A proposal for a tweak to NEAT’s genome crossover: overlay genes on a “conglomerate” network, which is a superset of all network topologies.
Background #
I first got interested in the concept of NEAT a few years ago after watching MarI/O by creator Sethbling, where Mario is controlled by an AI, implemented as an evolving set of “neurons” that watch his environment to trigger button presses such as running and jumping.

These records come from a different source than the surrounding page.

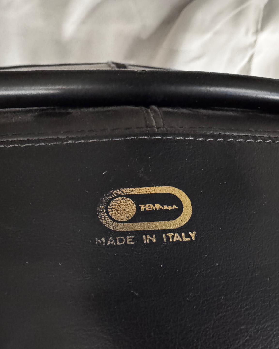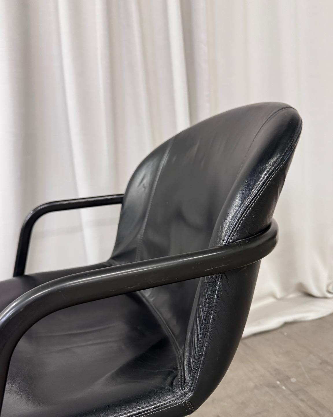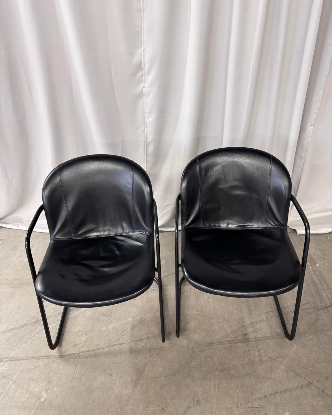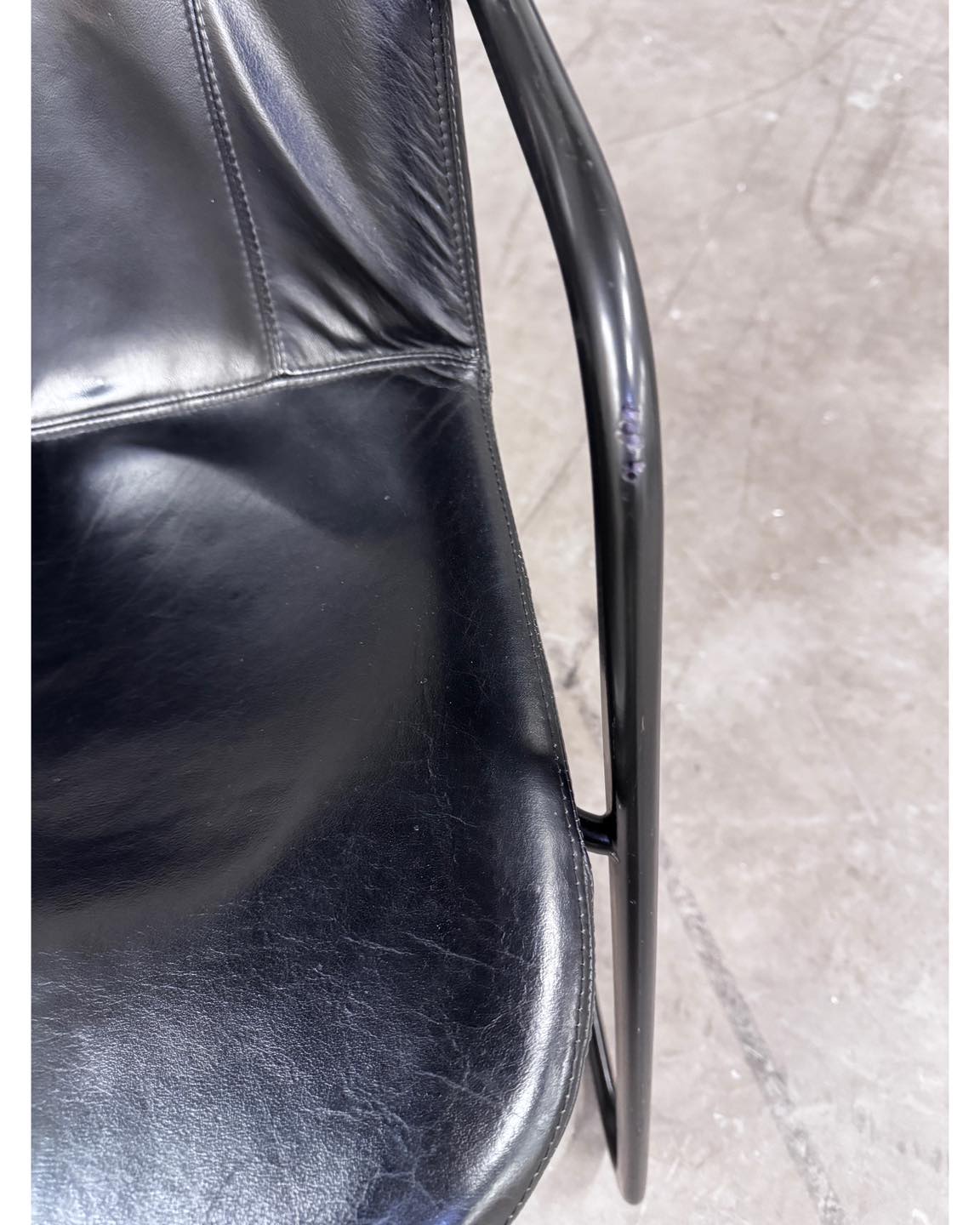 Materiały: stal malowana na czarno, tapicerka z czarnej skóry naturalnej.
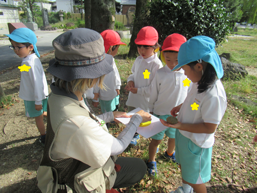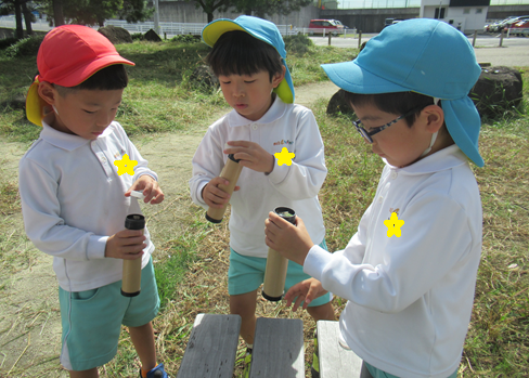 葉っぱや花、実を集めて、万華鏡に入れると、不思議な模様がくるくると変化し、「え!すごい」「いろいろな模様がでてくる!」と感動していました![]()
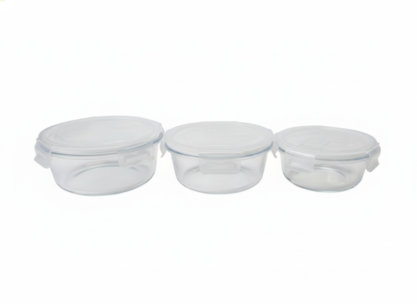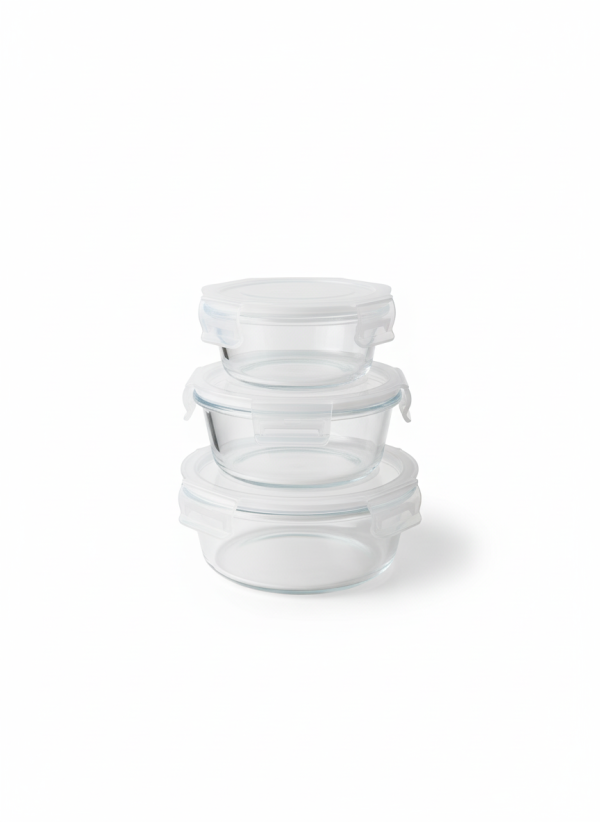 The product in the image is a set of glass food storage containers with snap-on lids. These containers are often sold under brand names like LocknLock or Clearlock.
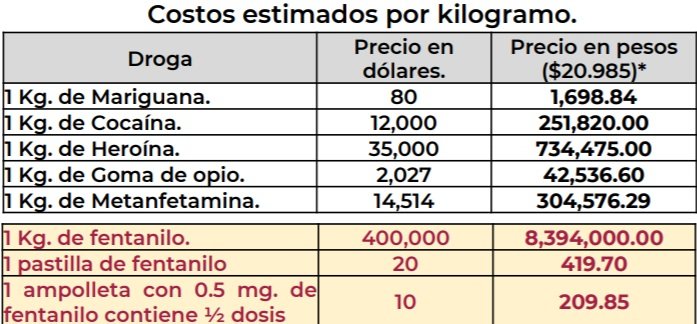 Sandoval mencionó que el costo por kilogramo de fentanilo es de aproximadamente de 400 mil dólares (8.3 millones de pesos).
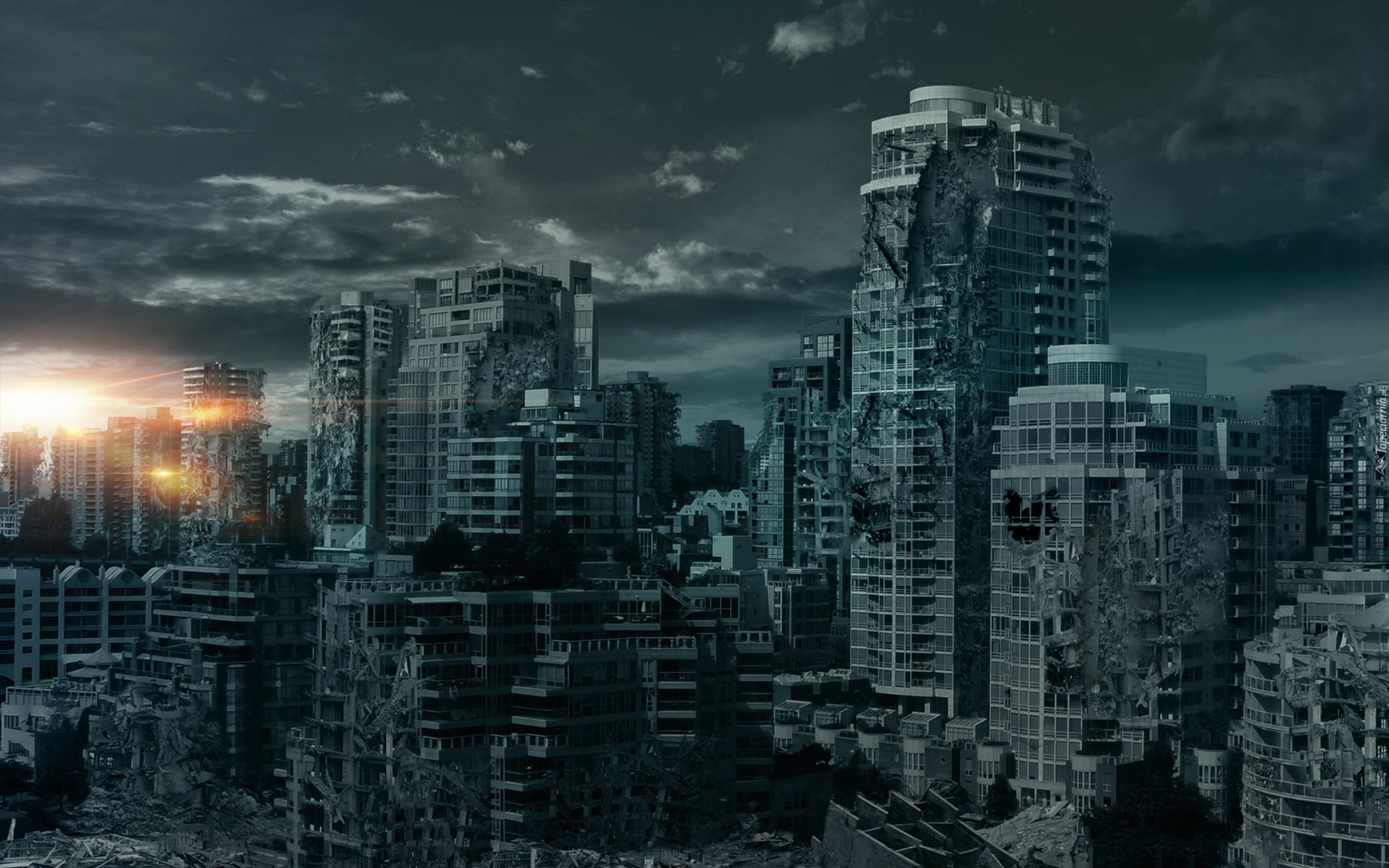 Edytor tapety: Drapacze, Chmur, Przebijające, Słońce
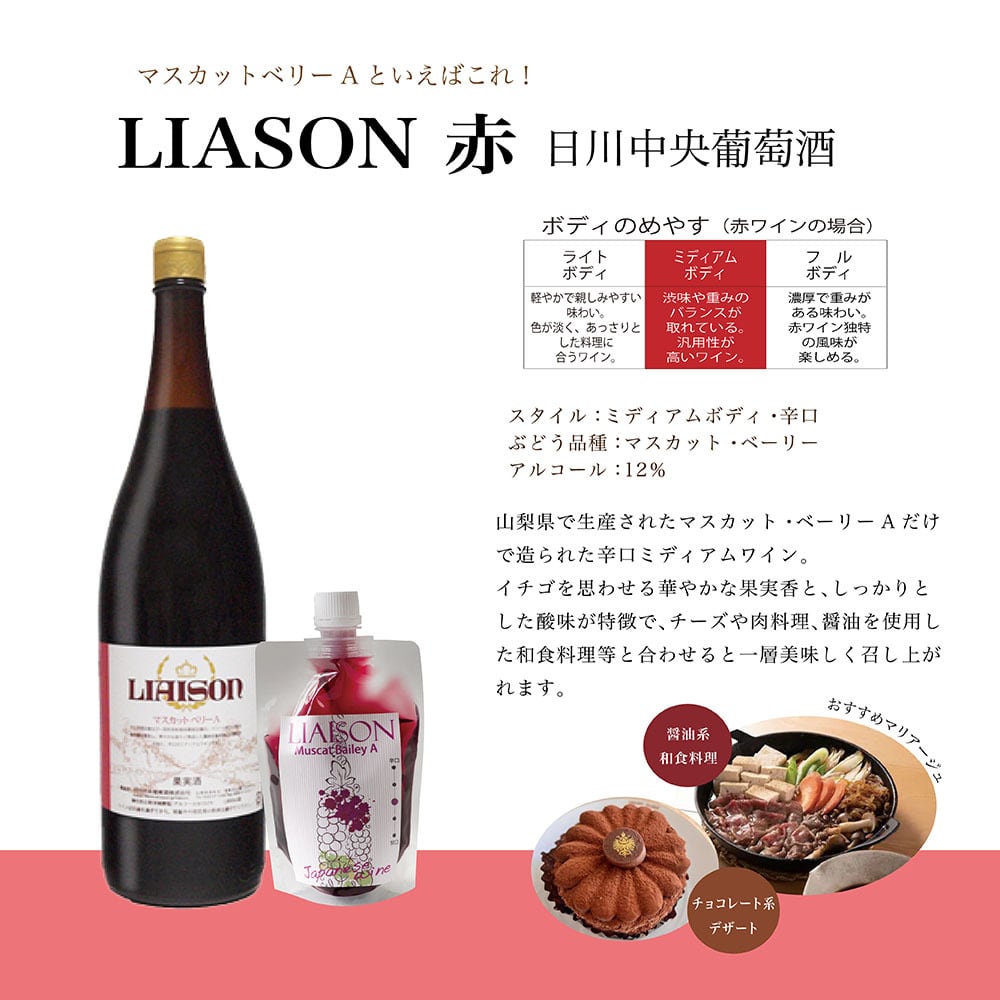特別なひとときを演出する【日川中央葡萄酒】リエゾン(赤)スパウトパック
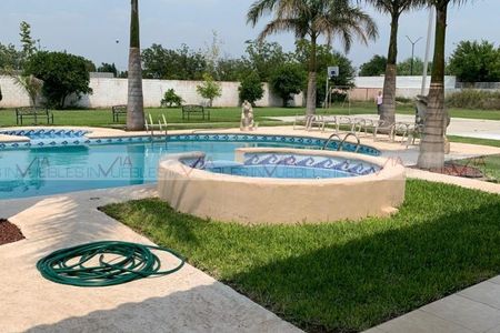 El jardín cuenta con una alberca, acompañada de un cuarto de bombas, una terraza equipada con asador, barra de granito y un medio baño adicional.
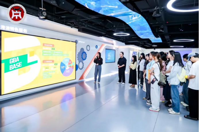 在基地港澳事务专员引导下,我校师生参观了主体展厅与双创服务大厅,系统了解了“1+12+N”港澳青创基地战略布局、港澳青年在湾区创业的政策支持体系及“创业全生命周期”孵化服务模式——从项目培育到资源对接,再到成果转化,为师生们带来全链条创业支持的新认知。
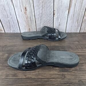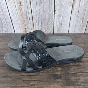 Easy Spirit Linley 3 Faux Leather Slide Sandals Gray Black Womens 9.5 Wide NWOB
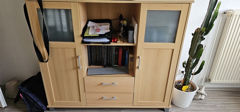 Die Vitrine steht in einen Nichtraucher Zimmer. Lang 130 Tief 38 Hoch 120 Privatverkauf, keine Gewährleistung oder Rücknahme. Preis 25 Euro V.B
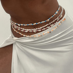 Verleihe deinem Look einen Hauch von Natürlichkeit und Raffinesse mit unserer Perle Bauch Kette, dem zarten Körperschmuck, der deine Taille auf elegante Weise betont. Jede Perle ist sorgfältig ausgewählt und verleiht deiner Silhouette ein edles, feminines Strahlen. Ideal für Strandtage, Festivals oder Sonnenuntergänge am Meer.
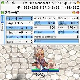 何焼きにするか、悩みちゅ どちらもおもちゃに篭ってあげています。まずはケミ自体をあげたいので壁ではなく共闘で戦っています ケミはこのままSTRに振り続けていくことに。足りなくなったらDEXと。AGIは止めです。 あっ、ラウドボイス忘れた。HSPも飲んでないやw まずはJOBカンスト目標! ホムっちは順調ですが、欲を言えばMatkが欲しいです。名前も付けたので愛着わいてきました♪ とりあえず目標は進化!そろそろ「気まずい」脱出してもいいかと ![]() レベル上げはケミと一緒にコツコツと・・・ 下水、ルティエ、おもちゃといろんなものに追いかけられましたw ルティエに行く雪原?アルデバランから飛んできてすぐ あせって何もできず・・・ 行くと必ずと言っていいほど出会うかも。 |
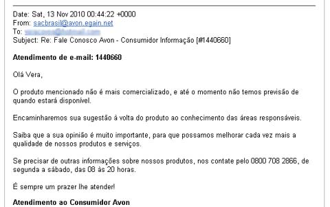 Total apoio uma enxurrada de emails para o setor de atendimento ao cliente da Avon!
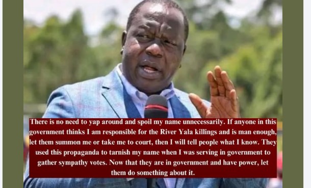 Former Interior Cabinet Secretary Dr. Fred Matiang’i has issued a bold challenge to the current administration, accusing government officials of tarnishing his name with unfounded allegations linking him to the infamous River Yala killings. In a fiery statement, Matiang’i said there is no need for government leaders to “yap around” and drag his name into political propaganda, daring them instead to summon him or take him to court if they believe he has anything to hide.
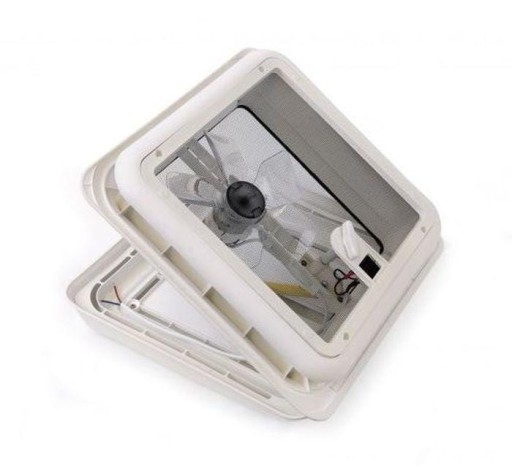 Okno dachowe kampera Fiamma TURBO Vent 12V z wentylatorem 28x28 F białe przyczepa kempingowa

The concept of genetic evolution hooked me because I loved the concept of finding solutions that people would never try, like NASA’s Evolved Antenna, so I took a couple days off work to hack on a project with the goal of applying a version of this method from scratch to a more generic set of problems. I tried training this type of AI to play Tic Tac Toe and play a Prisoner’s Dilemma simulation1 against each other.
It doesn’t work… yet?
But either way, I got a bit stuck on the implementation of genetic crossover to generate offspring so I wanted to dive into that a bit here.
(Existing) Global Innovation Numbers #
In the original paper Evolving Neural Networks through Augmenting Topologies, there’s an example of how two genomes create offspring by lining up gene innovation numbers. The innovation number is just a number assigned when the gene is created, so a node or connection created 5th on one genome will be lined up with the 5th gene created on another. When the topologies are different between two genomes, genes can be considered disjoint.
The example here from the paper shows how genomes with disjoint genes can create offspring:
(New) Conglomerate Idea #
Instead of mutating individual genomes and giving each new gene an innovation number, my implementation mutated one single, giant network. Then, every individual genome has a small random chance of receiving that gene in that round.
The outcome of this method is regardless of which two genomes generate offspring, they can always be overlaid on the Congomerate network. This was a more straightforward implementation to handle disjoint genes and generate the offspring topology:
Takeaways #
Maybe there’s something promising here, maybe not. There’s a lot more experimentation to do to test the viability, so I just wanted to write this post as a summary / checkpoint of the project in case I ever want to pick it up again.
Footnotes #
1 The prisoner’s dilemma simulation “game” that inspired this idea.